## TASK DIRECTIONS:
Below this line are records; write out exactly the lines from the one containing "Allarme motore, Allarme" through the one containing "1girl, face focus, dark", with the pictures left out.

--- EXTRACTED ENTRIES ---

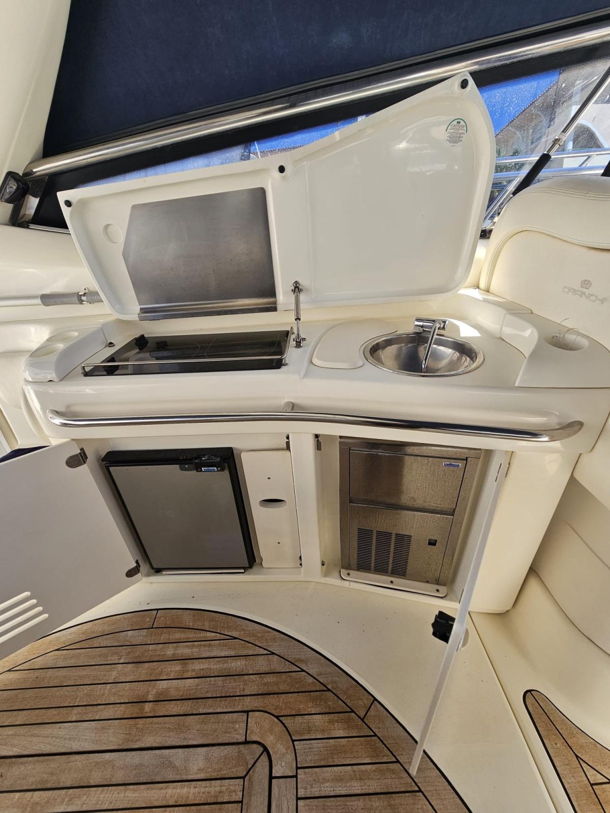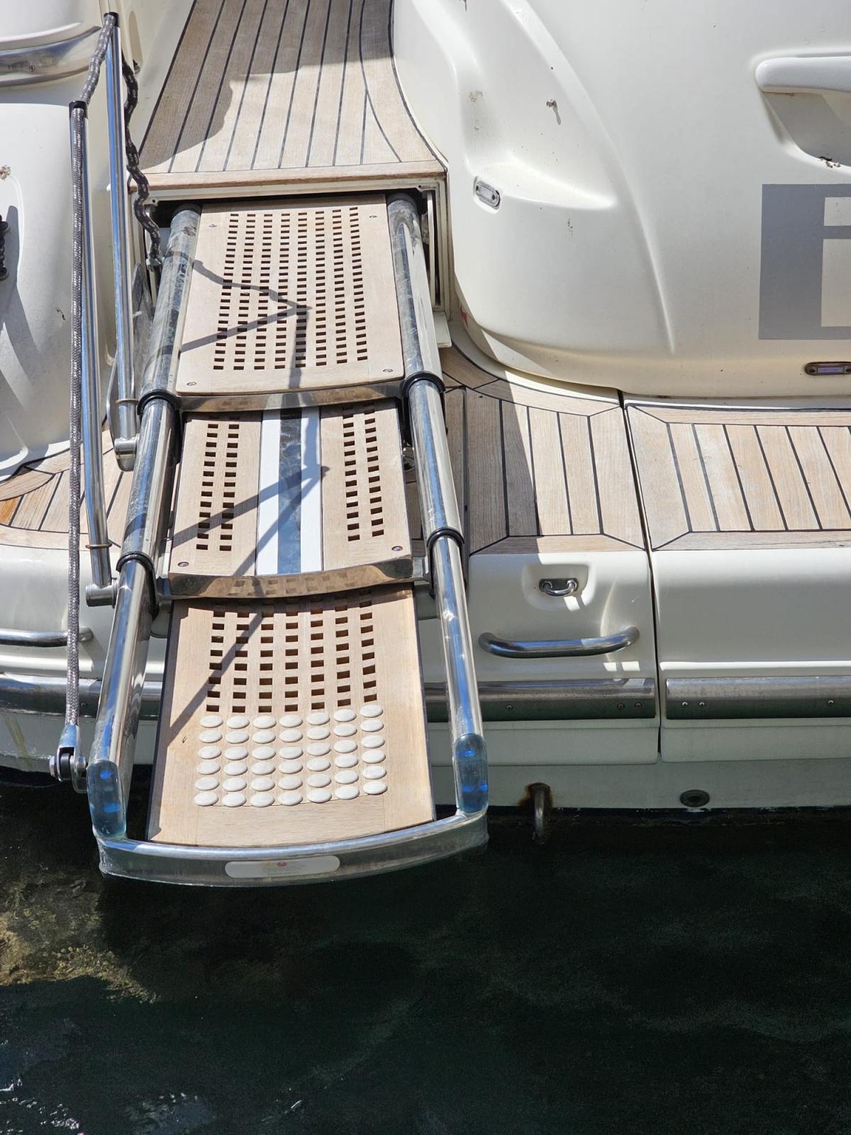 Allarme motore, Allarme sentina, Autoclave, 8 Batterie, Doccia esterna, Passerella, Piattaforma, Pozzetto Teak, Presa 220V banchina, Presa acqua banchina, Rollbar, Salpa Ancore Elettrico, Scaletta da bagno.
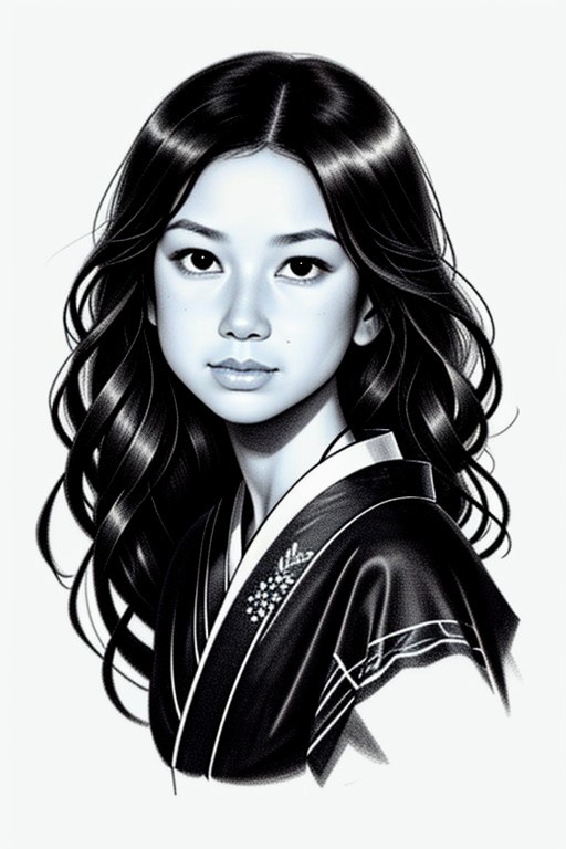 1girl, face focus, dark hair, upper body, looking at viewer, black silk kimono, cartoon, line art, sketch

---
--- EXTRACTED ENTRIES ---

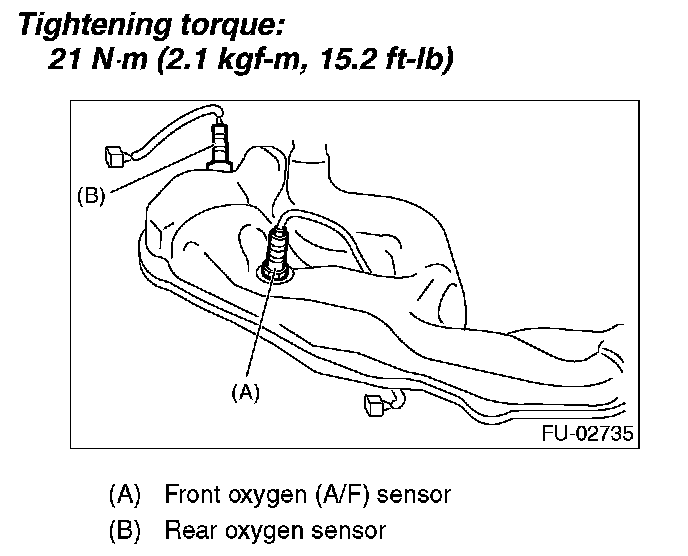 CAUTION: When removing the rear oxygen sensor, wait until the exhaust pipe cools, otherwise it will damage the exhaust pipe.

---

## RESPONSE:
 Allarme motore, Allarme sentina, Autoclave, 8 Batterie, Doccia esterna, Passerella, Piattaforma, Pozzetto Teak, Presa 220V banchina, Presa acqua banchina, Rollbar, Salpa Ancore Elettrico, Scaletta da bagno.
 1girl, face focus, dark hair, upper body, looking at viewer, black silk kimono, cartoon, line art, sketch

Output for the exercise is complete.